La historia de lo que hoy conocemos como Santa Juana se remonta a quien inició el proceso
de conquista de estas provincias, a quien se despojó de sus posesiones en el Perú e inició la travesía
a los territorios infamados de Chile: Pedro de Valdivia. Capitán en los ejércitos de su Majestad
Carlos V y lugarteniente del famoso Pizarro, el conquistador de Chile comenzó su empresa en 1540
y logra fundar la ciudad de Santiago del Nuevo Extremo al año siguiente; sin embargo, aquel
pequeño poblado solo sería un mero escalón en un objetivo mucho más grande, pues pretendía
llegar hasta el mismísimo Estrecho de Magallanes a fin de establecer una vía de contacto directo
con la Corona.
Para ello era menester el fundar una ciudad que sirviera como capital y un punto para recibir
hombres, armas y bastimentos desde el Perú. Es por ello que en el año de 1550 se funda la ciudad
de Concepción, la que sería conocida como la capital militar del reino. Una vez que Valdivia logró
afianzar su posición, los conquistadores decidieron avanzar hacia el sur para fundar otra ciudad y
proseguir su marcha hacia el sur; no obstante, el cruce del Biobío sería muy dificultoso, por las
aguas del río y la resistencia de los naturales, quienes ya se mostraban como fieros guerreros.
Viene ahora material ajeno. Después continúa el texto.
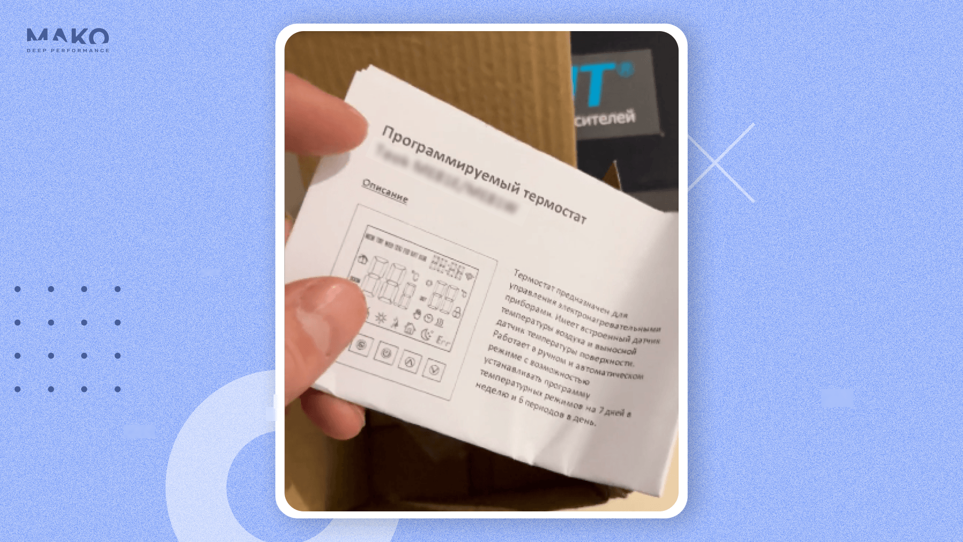 Как правило, терморегуляторы производятся в Китае и приходят в Россию с руководством на китайском и английском языках. Простому обывателю, не владеющему ими, сложно разбираться с такой «китайской грамотой». Ему нужна доступная подача информации, которую продавцы товаров почему-то не предоставляли. Мы предложили нашему клиенту перевести руководство на русский язык, использовали полученную информацию в карточке и вкладывали распечатку в упаковку с товаром. В этом тоже выгодно отличились от конкурентов.
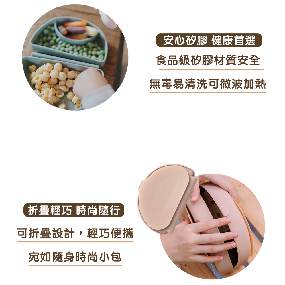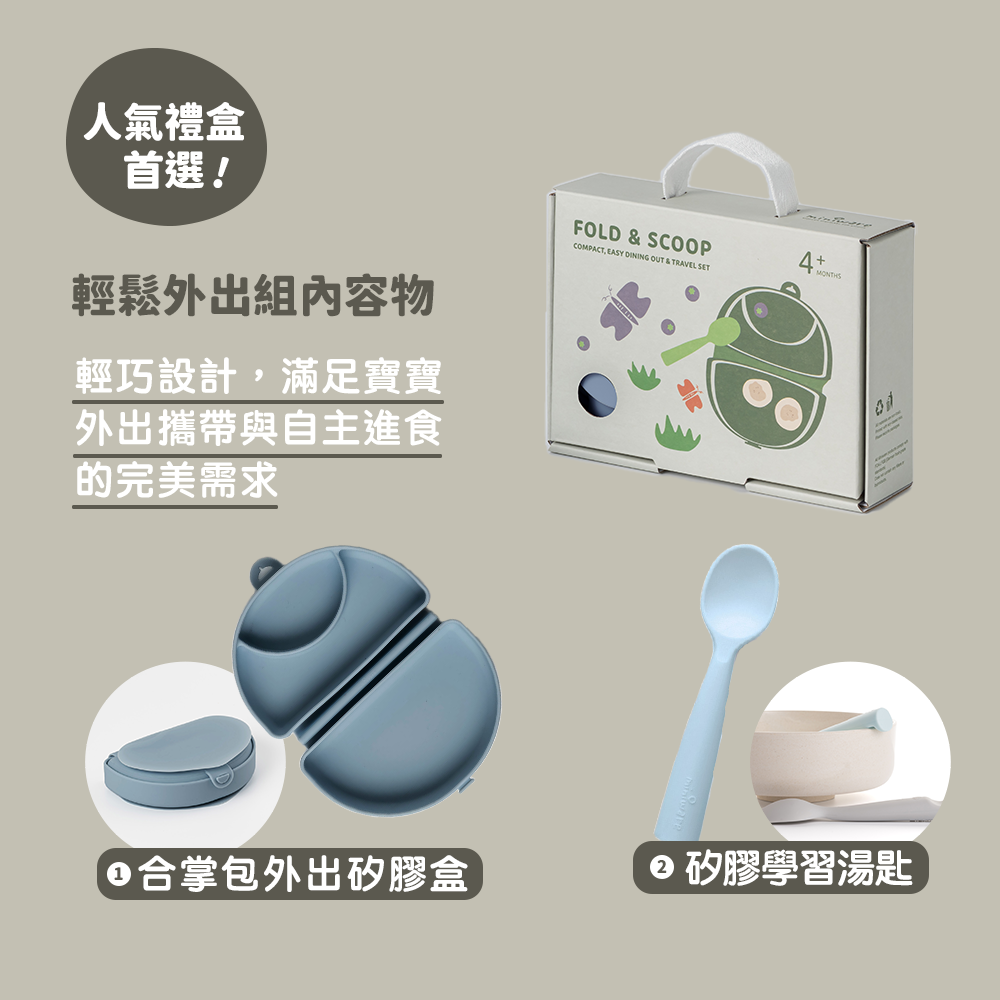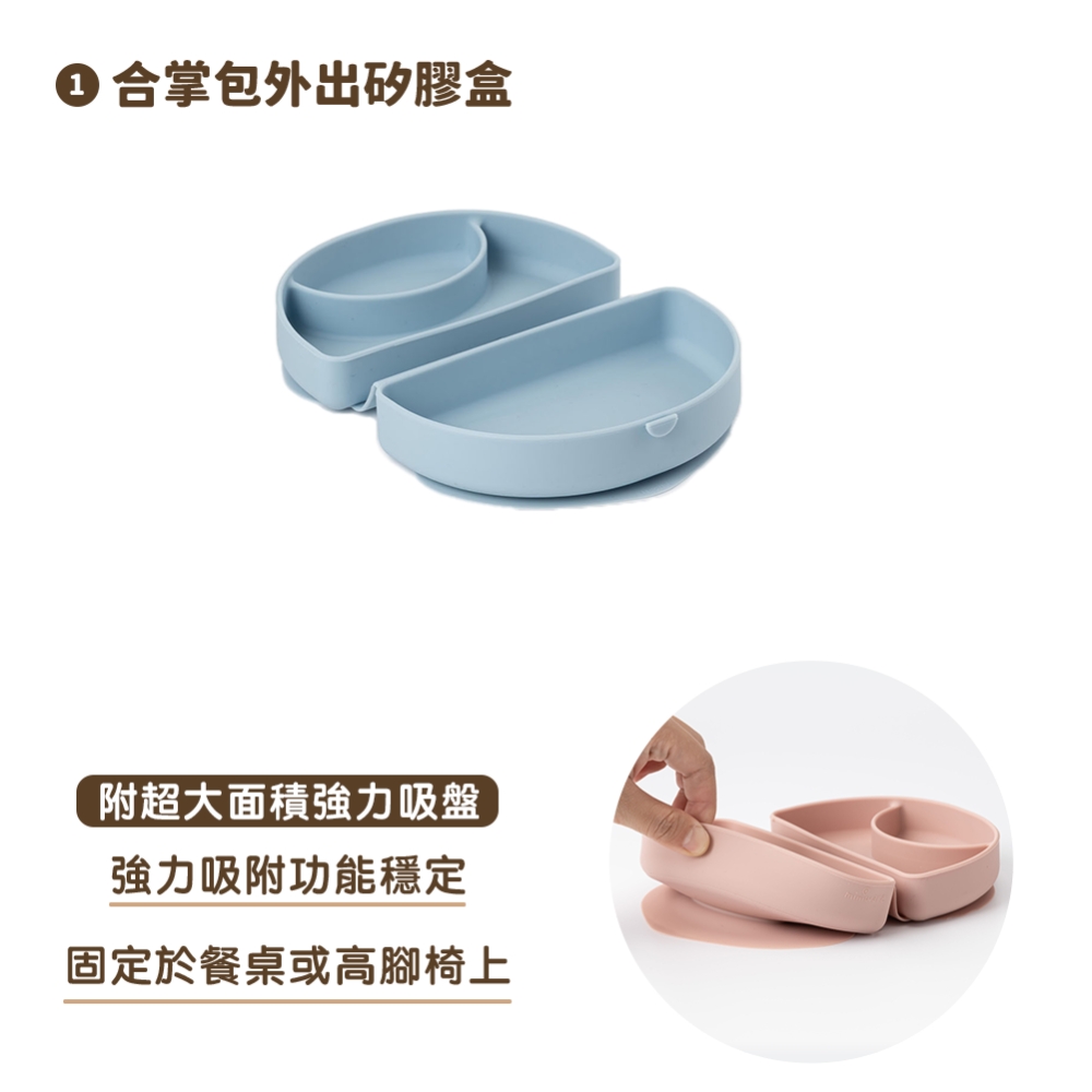 內容物:矽膠學習湯匙 x1、合掌包外出矽膠盒 x1

Cautelosos de no arriesgar a su gente, caballos y bastimento en un cruce a través de balsas,
prefirieron avanzar río arriba buscando vados seguros, y aunque es muy difícil determinar el punto
exacto donde Valdivia cruzó junto a sus fuerzas, sabemos que el cruce se dio en las cercanías del
balseadero de Tralca-Mawida (actual Talcamávida).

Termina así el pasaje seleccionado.